[This article is part of a six-person roundtable entitled “African American Muslims and the Black Freedom Struggle.” Click here for the introduction by Lindsey Stephenson and links to responses by Zareena Grewal, Abbas Barzegar, Mansa Bilal Mark King, Aminah B. McCloud, and Sohail Daulatzai. The initial question posed to the roundtable participants was: African American Muslims have been involved in the black freedom struggle for over a century, however their participation is often overlooked or generalized. How have they engaged with some of the important questions of the movement such as: the extent to which the black freedom struggle was a national or an international one; whether the struggle is ultimately about civil or human rights; and the means by which freedom was to be achieved? Is religion in fact a relevant cleavage within the black freedom struggle? Have African American Muslims represented a unified block? Finally, what African American Muslim experiences contribute to the ongoing debate about civil rights and human rights in the United States and abroad?]
African American Muslims have fallen quite heavily in the camp which sees the Black Freedom struggle as international. Certainly, Malcolm X/El-Hajj Malik Shabazz set the tone by acknowledging the similar experiences of oppression as well as connections of ancestry and faith that should unite African and Muslim freedom fighters with African American freedom fighters. That spirit was not specific to Malik Shabazz, nor did it die with him. It is well known that as COINTELPRO undermined activist groups like the Black Panther Party and SNCC, some members fled to African countries with revolutionary leadership. These included places like Guinea, Algeria, Uganda, Tanzania, and Ghana. At the time, these countries had leaders who shared this vision of the freedom struggles of Third World peoples being linked.
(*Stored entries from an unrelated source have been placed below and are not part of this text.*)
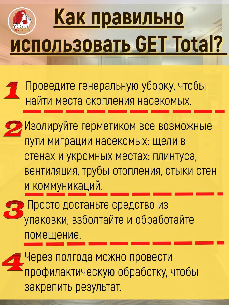 Эффект от GET Total проявляется не моментально, а в течение 14 дней: срок борьбы зависит от количества насекомых и качества обработки. На 3-5 день после обработки насекомые могут стать активнее, и может показаться, что их стало больше — это значит, что средство подействовало и через пару дней они погибнут.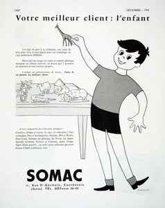 This is an original 1954 black and white print ad for SOMAC, encouraging business owners to target the toy-loving nature of children in order to promote their products to parents.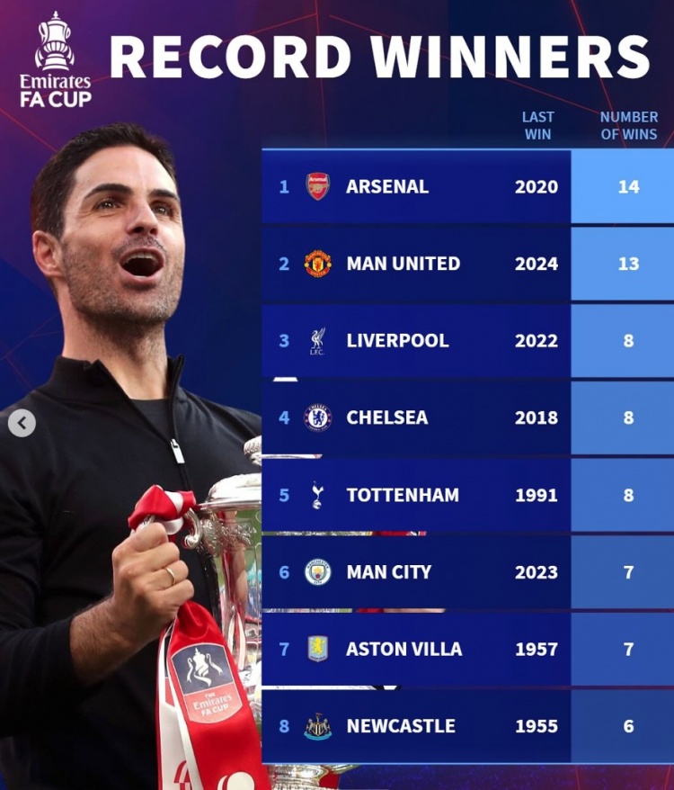 2025-03-01 07:01:05本届BIG6仅剩曼市双雄!足总杯历史夺冠榜:阿森纳14次、曼联13次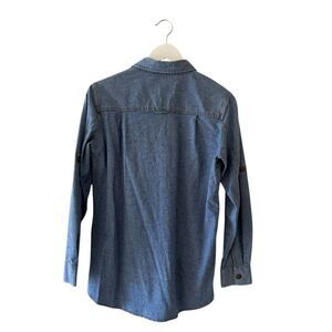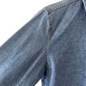 TravelSmith women's denim button-down casual chambray blue cotton blend shirt SZ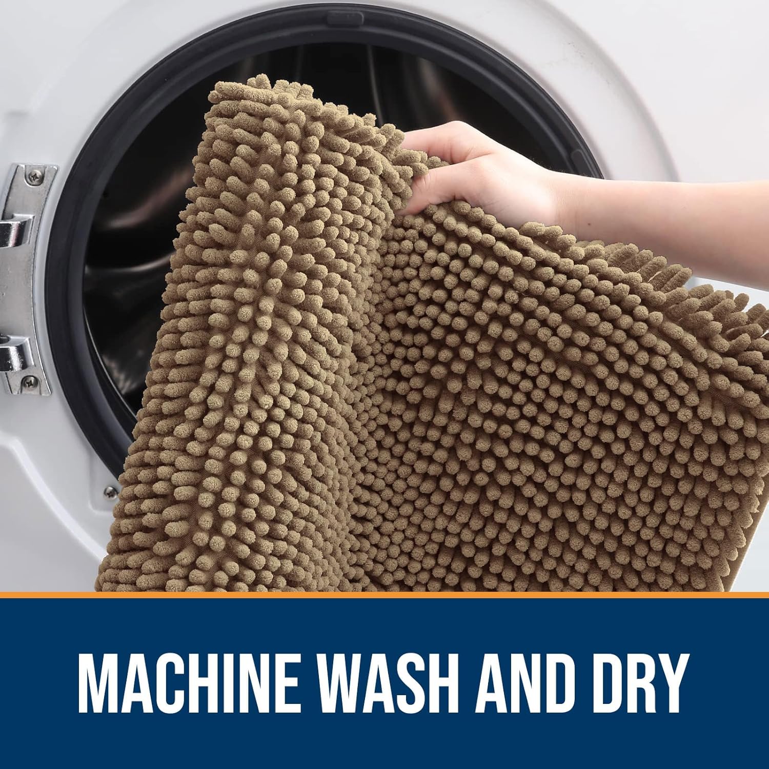 OLANLY Dog Door Mat for Muddy Paws 47x24, Absorbs Moisture and Dirt, Absorbent Non-Slip Washable Doormat, Quick Dry Chenille Mud Mat for Dogs, Entry Indoor Entryway Carpet for Inside Floor, Tan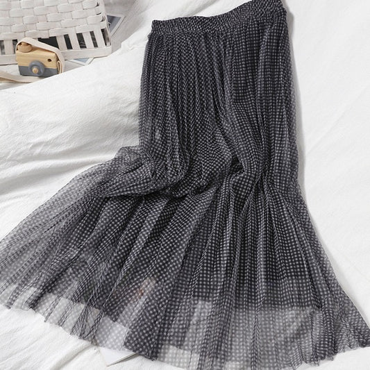 New gauze skirt, plaid print high waist skirt, long pleated skirt 3703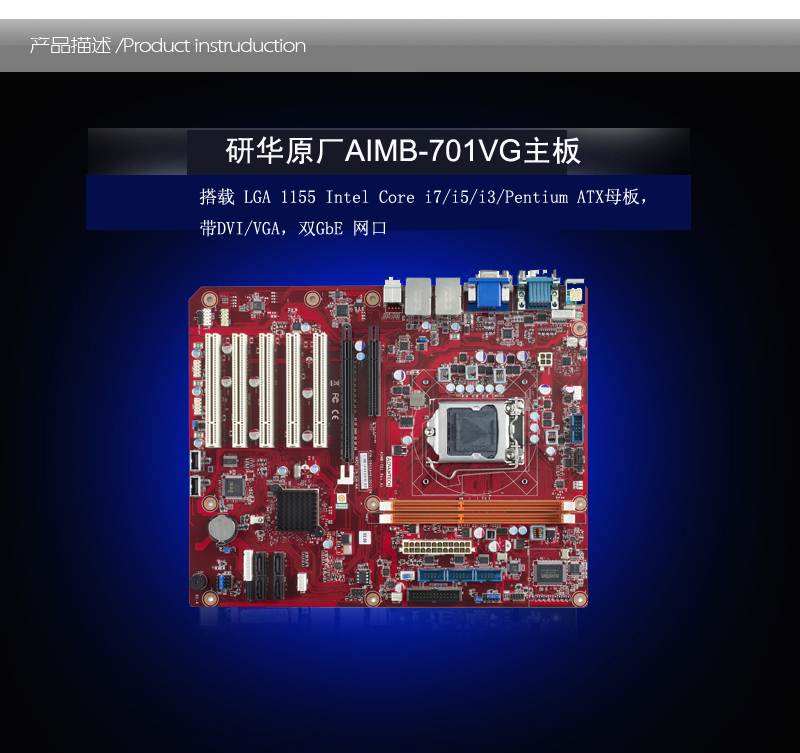 研华主板AIMB-701 LGA 1155 Intel Core i7/i5/i3/Pentium ATX母板,带DVI/VGA,双GbE 网口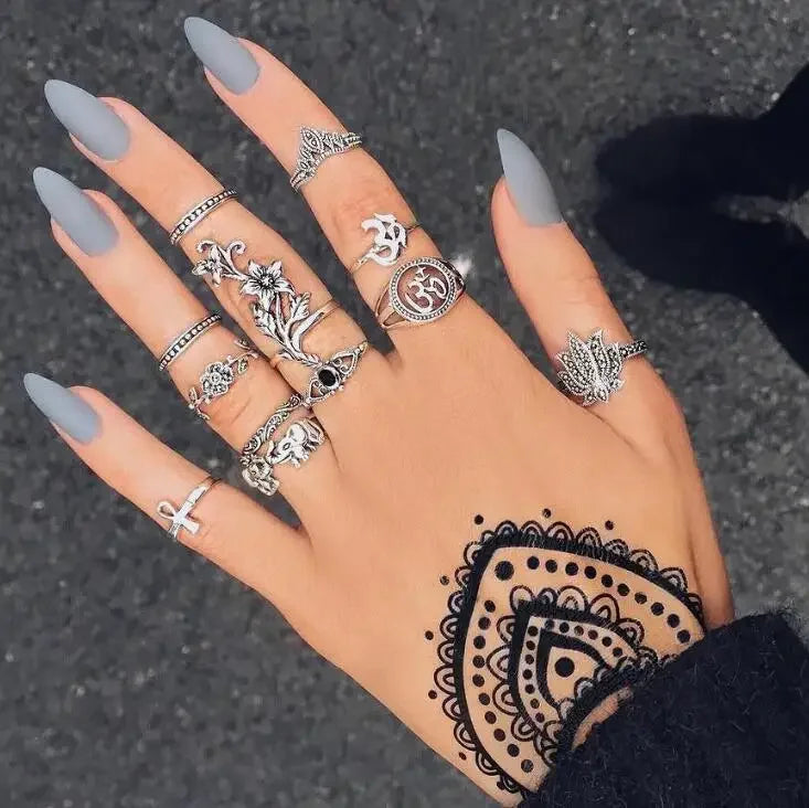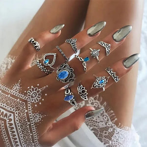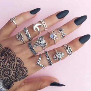 Avec ce lot de bagues argentées rétro, plonge dans un univers inspiré par la nature et la spiritualité. Les détails floraux, les feuilles ajourées et les cristaux scintillants en font des bijoux uniques, parfaits pour une touche de mystère et de féminité.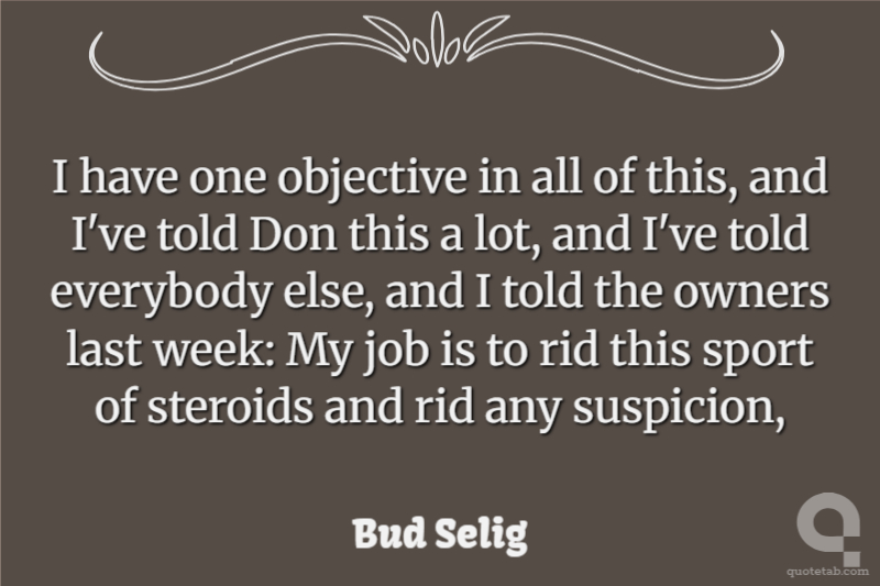 I have one objective in all of this, and I've told Don this a lot, and I've told everybody else, and I told the owners last week: My job is to rid this sport of steroids and rid any suspicion,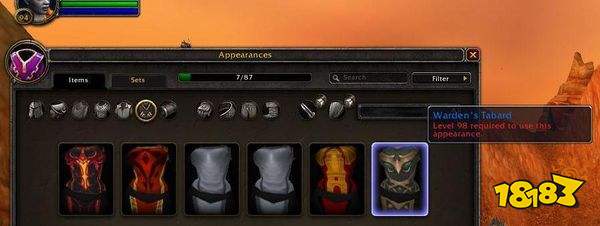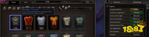 尽管幻化解除了声望限制,但解锁战袍幻化还是需要达到相应阵营声望要求,比如你需要在守望者阵营达到崇拜才能购买到守望者战袍,将这个外观加入到藏品当中。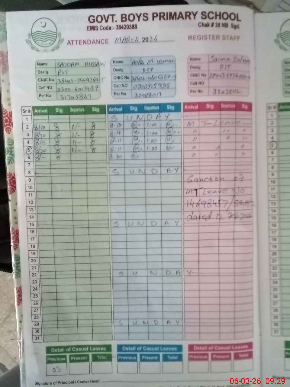| Name: SA**** HU**** Designation: (School Headmaster's/Headmistress's) PST Phone/Cell Number: 03**** |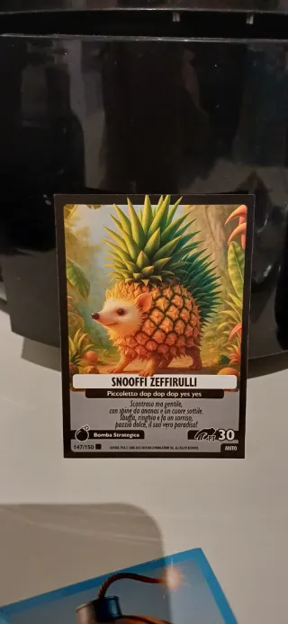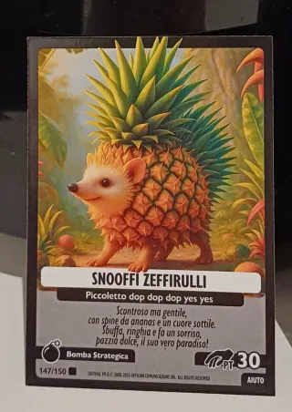 Carta Snooffi Zeffirulli della serie Skifidol Brainrot. - Personaggio: Snooffi Zeffirulli - Descrizione: Piccoletto dop dop dop yes yes. Scontraso ma gentile, con spine da ananas e un cuore sottile. Sbuffa, ringhia e fa un sorriso, pazzia dolce, il suo vero paradiso! - Tipo: Bomba Strategica - Numero: 147/150 - Valore: 30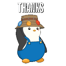 A friendly pudgy penguin in blue overalls and a fishing hat, raising a flipper to say 'THANKS'.

If you ask African American Muslims whether they want to be treated with fairness and justice by the laws of the land, nearly all would say yes (though they may offer some additional demands). This means that they support the basic goal of a civil rights agenda. Similarly, I think that if you ask African American Muslims whether they think it is important for all human beings on earth to be guaranteed certain basic rights, like self determination and freedom from oppression, nearly all would say yes. That means that they support the basic goal of a human rights agenda. So, I think most actually support both. It is just the baggage of politicized language, and some of the details that make people seem to be supporting one while rejecting the other.
And then there is the very prominent voice of African American Muslims who emphasize that the first connection between us all is the human connection. They really emphasize the “Bani Adam” idea, and in doing so they are making human rights fundamental. I want to say that most do, but we don’t have the survey data to make that kind of definitive statement.
Today, I hear a lot of emphasis being put on building and owning businesses, telling our own story, saving our families, educating our own children, and building Muslim communities in the physical and institutional sense, while participating in the political and economic life of the broader society. However, there are still those African American Muslims who dislike too much emphasis being put on race. Some emphasize being Muslim only, and they discuss the cure for all social issues in strictly religious language by strictly religious communities. For them, implementing the five pillars of Islam, a particular vision of shariah, and practicing aggressive da`wa is enough to cure all social ills, including racial inequality.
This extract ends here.